SELECT COUNT(*) FROM some_table WHERE some_flag = X

which could be really slow on a huge tables, and your cache expires, then ALL your clients calling a page with this counter will end up waiting for this counter to be updated. Sometimes there could be tens or even hundreds of such a queries running on your DB killing your server and breaking an entire application (number of application instances is constant, but more and more instances are locked waiting for a counter).

So, how could we avoid such a problem? First thing came to my mind was: “What if we’d mark old counter as ‘expired’ and then only one thread would re-calculate a counter while all other clients would use old value?”. The idea looks great, but when we cache something in memcached, we it is hard to say when a value vas saved to the cache and when it is going to be expired. After a small research I’ve found a much more elegant solution: we could create two keys in memcached: MAIN key with expiration time a bit higher than normal + a STALE key which expires earlier. So, when we try to read a value from memcached, we try to read STALE key too. If it is expired, it is time to start re-calculation (and set STALE key again with some short TTL).

Final solution we end up using is following (monkey patch for the ActiveRecord::Cache class from the RobotCoop’s memcache-client library):

# Anti-dog-pile effect caching extension
module ActiveRecord
  class < < Cache
    STALE_REFRESH = 1
    STALE_CREATED = 2
 
    # Caches data received from a block
    #
    # The difference between this method and usual Cache.get
    # is following: this method caches data and allows user
    # to re-generate data when it is expired w/o running
    # data generation code more than once so dog-pile effect
    # won't bring our servers down
    #
    def smart_get(key, ttl = nil, generation_time = 30.seconds)
      # Fallback to default caching approach if no ttl given
      return get(key) { yield } unless ttl
   
      # Create window for data refresh
      real_ttl = ttl + generation_time * 2
      stale_key = "#{key}.stale"
   
      # Try to get data from memcache
      value = get(key)
      stale = get(stale_key)
       
      # If stale key has expired, it is time to re-generate our data
      unless stale
        put(stale_key, STALE_REFRESH, generation_time) # lock
        value = nil # force data re-generation
      end
   
      # If no data retrieved or data re-generation forced, re-generate data and reset stale key
      unless value
        value = yield
        put(key, value, real_ttl)
        put(stale_key, STALE_CREATED, ttl) # unlock
      end
   
      return value
    end
  end
end

Since it is a monkey patch, you need to place this piece of code wherever you want, but it should be used AFTER memcache-client is loaded (for example, you can put it to your config/initializers/ directory or just copy-paste to your environment.rb.

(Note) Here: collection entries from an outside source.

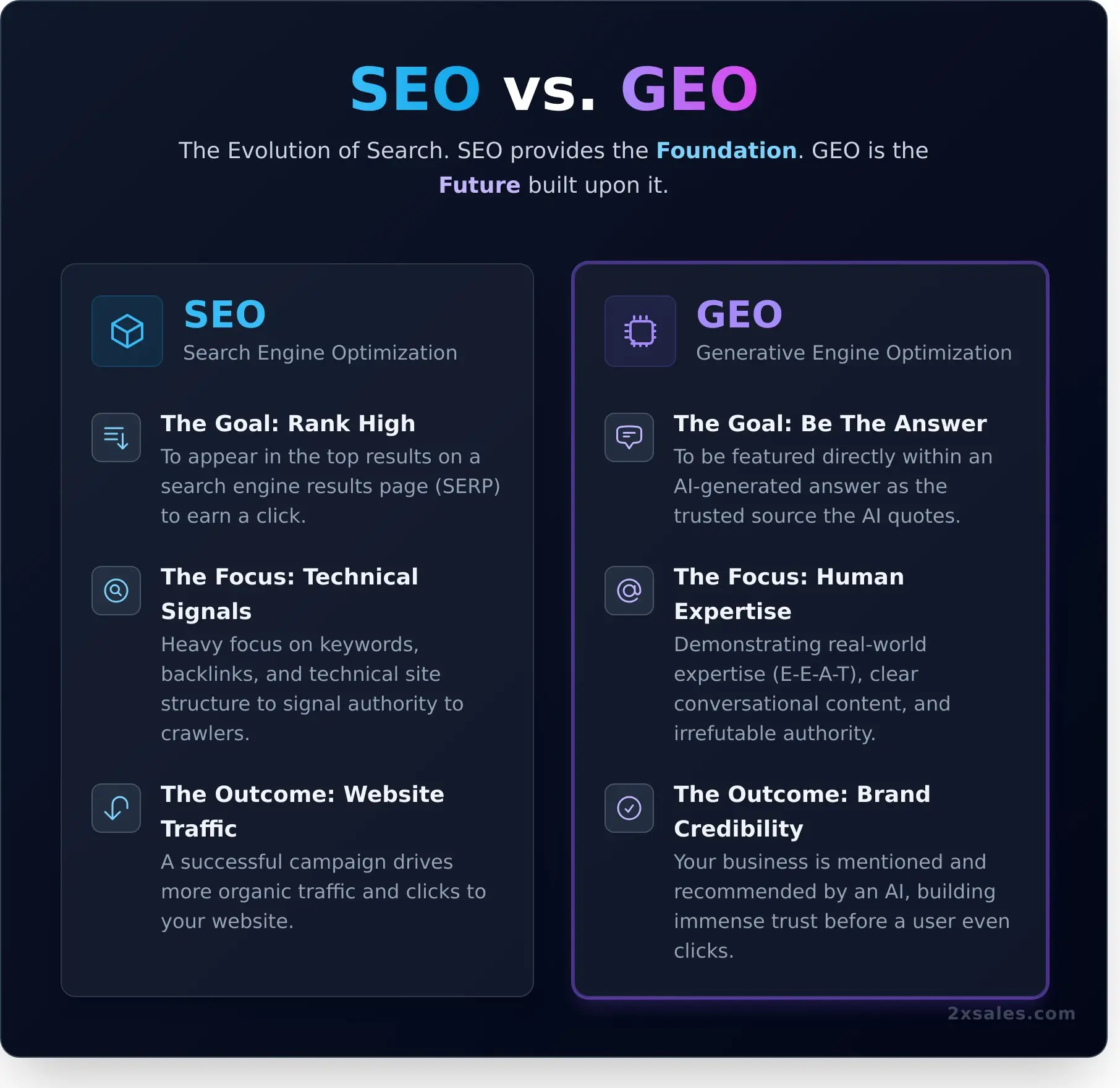 - The Outcome: A successful SEO campaign results in more organic traffic to your website. A successful GEO campaign results in your business being mentioned and recommended by an AI, building brand credibility before a user even decides to click.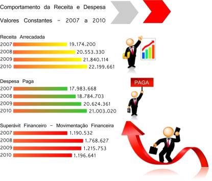 Gráfico 5-Comportamento da Receita e Despesa – Valores Constantes – 2007 a 2010 (R$ mil)
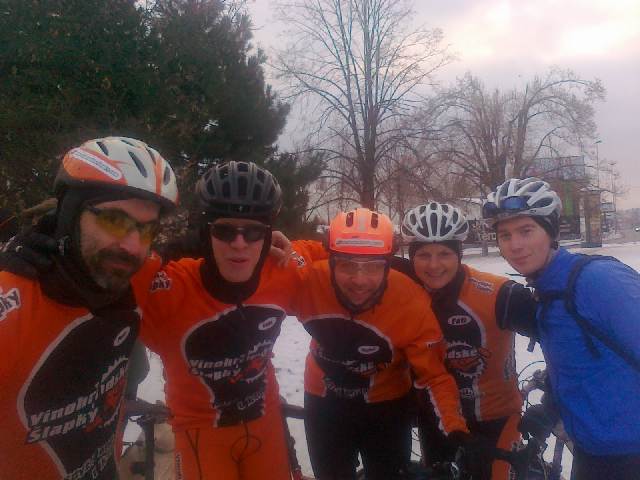 ). Pak už přichází SMS od Roškyho: "Na devatou u mostu bouraku" a už v tom zase lítám... Před barákem vyjeté koleje v ledu, jedu jak připodělanej, ale naštěstí hlavní tahy jsou obaleny jen jetelným slizem. Na místě srazu s Léňou jsem o trošku dříve a tak mu jedu naproti a cestou už potkávám 3 cyklisty, prostě před 9h. na Nový rok je na silnici více cykloidů než aut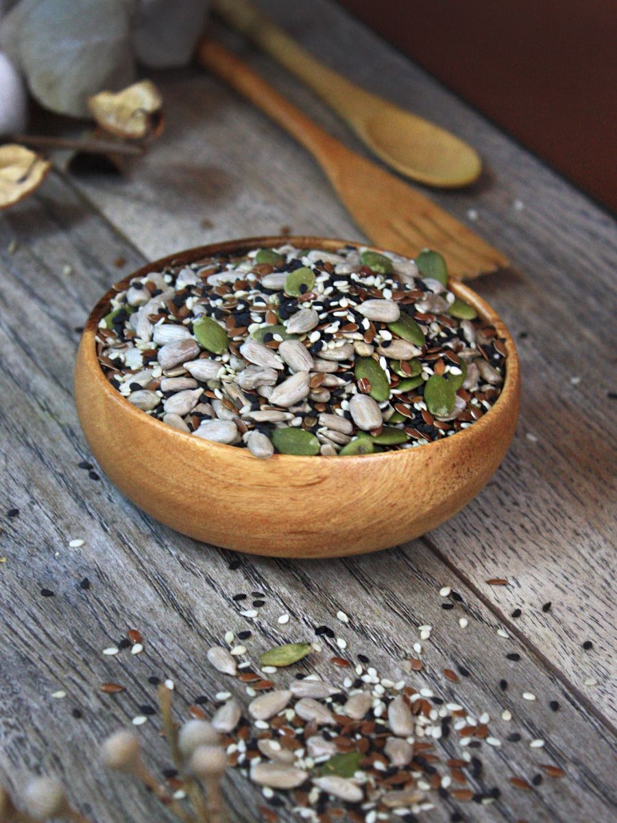 Продукт содержит минеральные вещества: магний, селен, цинк и кальций. Смесь семян нормализует давление, снижает уровень холестерина в крови, является профилактикой онкологических заболеваний. Благодаря содержащейся в семенах клетчатке смесь способствует очищению организма от шлаков.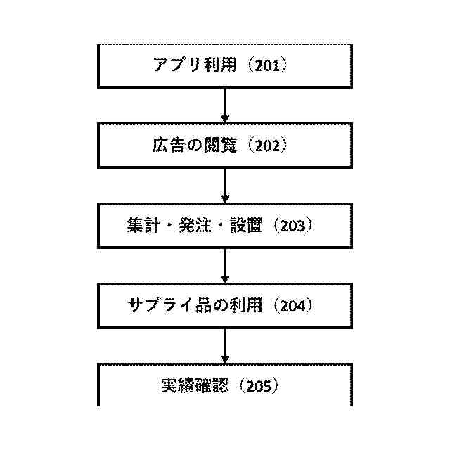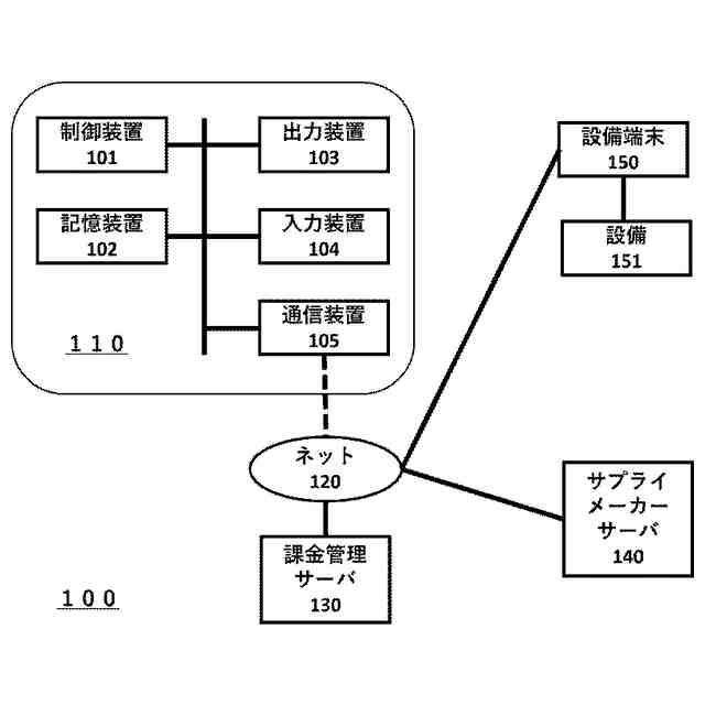 以下に、 本発明の一実施形態を図1を参照しながら説明する。パーソナルコンピューター、スマートフォン、タブレット等の利用者の情報処理端末110は、システムの利用者側の動作を制御する制御装置101、記憶装置102、液晶モニタやスピーカーなどの出力装置103、タッチパネルやキーボードあるいは音声入力用のマイクなどの入力装置104、外部ネットワークとの通信用の通信装置105等を備える。情報処理端末110はネット120を介して課金管理サーバ130と接続されている。好適には、課金管理サーバ130はユーザに健康管理、ゲーム、教育、ECサイトなどの購買サイトなどのアプリケーションソフトウェアプログラムや、広告情報をユーザの情報処理端末110に提供する企業等が運営するものであり、1社のサーバからなっても複数社のサーバからなっても良い。サプライメーカーサーバ140は課金管理サーバ130、情報処理端末110とネット120を介して接続されたサーバであり、サプライ品を製造および/または販売する企業の運営するものである。この企業は直接または間接的にサプライ品を提供する企業であり、情報処理端末110または課金管理サーバ130からの指示に従って、所定のサプライ品を所定の設備に配送、設置するように機能する。設備端末150はサプライ品提供企業が配送、設置するサプライ品の設置施設に含まれるもので、サプライ品の管理設備151と接続され、また、ネット120を介して、情報処理端末110、課金管理サーバ130、サプライメーカーサーバ140と接続されて、サプライ品の状況を他施設と共有することができる。

And example usage of this patch is following:

# This would fall back to a generic get() method because TTL was not provided
Cache.smart_get('test') { some_huge_calc }

# This would cache your calculation results for a 160 and will re-generate cache in 100 seconds
Cache.smart_get('test', 100) { some_huge_calc }

# This would cache your calculation results for a 120 and will re-generate cache in 100 seconds
Cache.smart_get('test', 100, 10) { some_huge_calc }

So, this is it - with a simple change we’ve fixed really annoying problem and made our application much more stable.